WORK REQUEST:
Below are some records. Write out exactly their lines from the one with "Rose Gold Navy" through the one with "Grifo de lavabo", and leave the pictures behind.

SUPPLIED MATERIAL:

--------------------------------

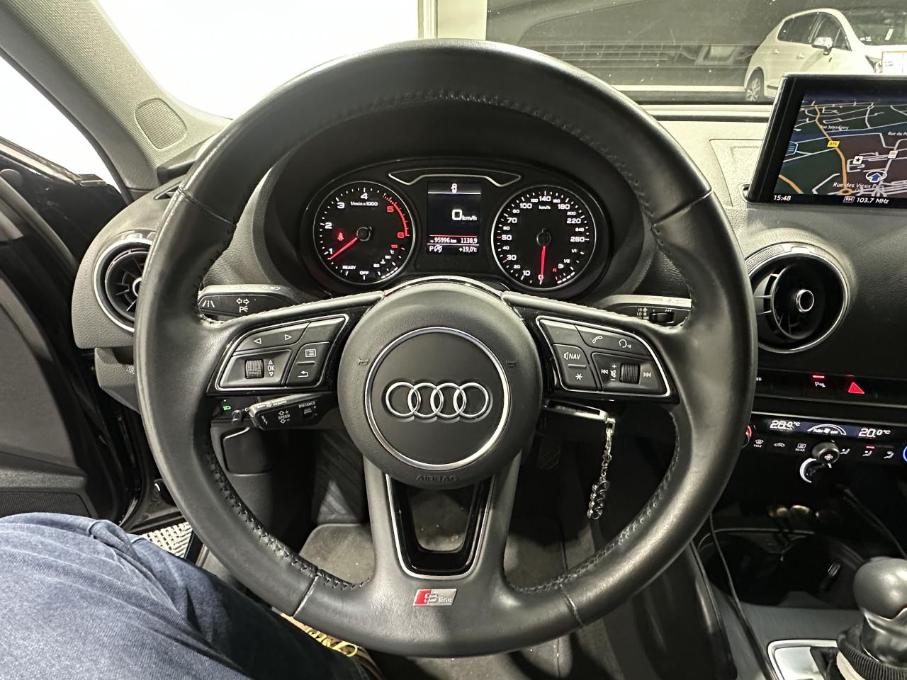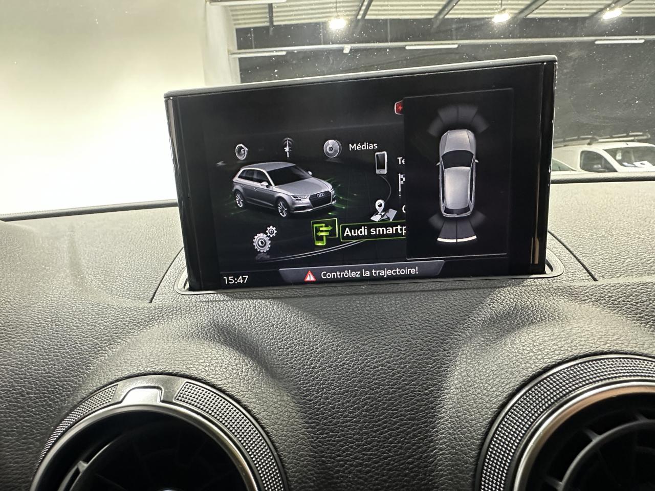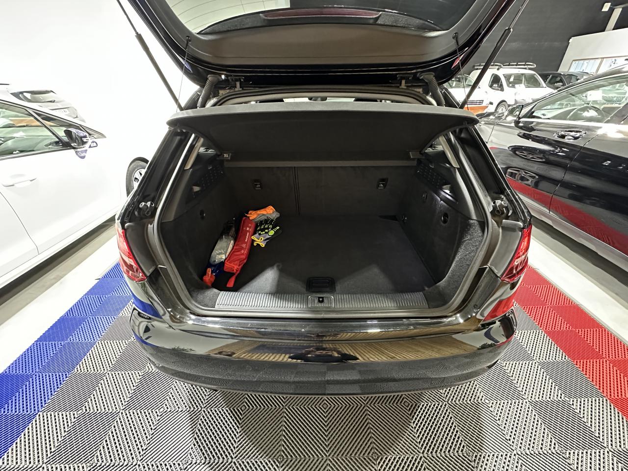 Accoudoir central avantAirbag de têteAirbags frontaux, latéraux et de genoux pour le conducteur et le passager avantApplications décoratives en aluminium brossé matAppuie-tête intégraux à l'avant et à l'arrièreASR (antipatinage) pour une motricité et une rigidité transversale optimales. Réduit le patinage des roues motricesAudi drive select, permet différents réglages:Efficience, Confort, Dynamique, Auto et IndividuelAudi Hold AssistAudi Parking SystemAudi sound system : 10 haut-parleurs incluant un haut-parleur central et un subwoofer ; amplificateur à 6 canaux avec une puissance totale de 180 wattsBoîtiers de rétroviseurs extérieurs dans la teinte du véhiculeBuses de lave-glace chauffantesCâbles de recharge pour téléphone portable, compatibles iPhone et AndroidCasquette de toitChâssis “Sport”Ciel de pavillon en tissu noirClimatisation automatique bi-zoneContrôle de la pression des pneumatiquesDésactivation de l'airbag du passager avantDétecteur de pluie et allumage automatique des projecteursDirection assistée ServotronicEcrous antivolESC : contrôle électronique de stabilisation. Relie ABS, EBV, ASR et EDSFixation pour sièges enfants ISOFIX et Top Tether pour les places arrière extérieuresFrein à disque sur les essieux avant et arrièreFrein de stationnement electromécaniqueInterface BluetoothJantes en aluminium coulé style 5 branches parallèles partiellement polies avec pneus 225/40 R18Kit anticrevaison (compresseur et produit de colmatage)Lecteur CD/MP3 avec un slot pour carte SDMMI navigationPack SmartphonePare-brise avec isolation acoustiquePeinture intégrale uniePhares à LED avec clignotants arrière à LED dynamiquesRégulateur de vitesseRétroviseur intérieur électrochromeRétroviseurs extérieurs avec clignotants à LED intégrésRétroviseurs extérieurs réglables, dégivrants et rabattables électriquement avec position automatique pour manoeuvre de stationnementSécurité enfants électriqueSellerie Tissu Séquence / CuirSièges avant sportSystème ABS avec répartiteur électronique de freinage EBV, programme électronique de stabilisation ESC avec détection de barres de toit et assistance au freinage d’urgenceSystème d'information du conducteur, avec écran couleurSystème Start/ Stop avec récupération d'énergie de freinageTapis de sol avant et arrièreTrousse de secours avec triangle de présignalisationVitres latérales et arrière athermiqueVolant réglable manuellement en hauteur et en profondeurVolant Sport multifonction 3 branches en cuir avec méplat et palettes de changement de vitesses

--------------------------------

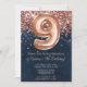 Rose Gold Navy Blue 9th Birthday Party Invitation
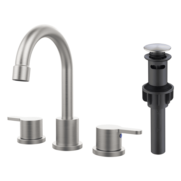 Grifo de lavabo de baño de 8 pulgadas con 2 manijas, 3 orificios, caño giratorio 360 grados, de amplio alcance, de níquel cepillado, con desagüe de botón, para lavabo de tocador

--------------------------------

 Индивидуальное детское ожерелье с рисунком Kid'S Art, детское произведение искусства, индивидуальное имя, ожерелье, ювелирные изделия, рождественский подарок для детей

--------------------------------

EXERCISE OUTPUT:
 Rose Gold Navy Blue 9th Birthday Party Invitation
 Grifo de lavabo de baño de 8 pulgadas con 2 manijas, 3 orificios, caño giratorio 360 grados, de amplio alcance, de níquel cepillado, con desagüe de botón, para lavabo de tocador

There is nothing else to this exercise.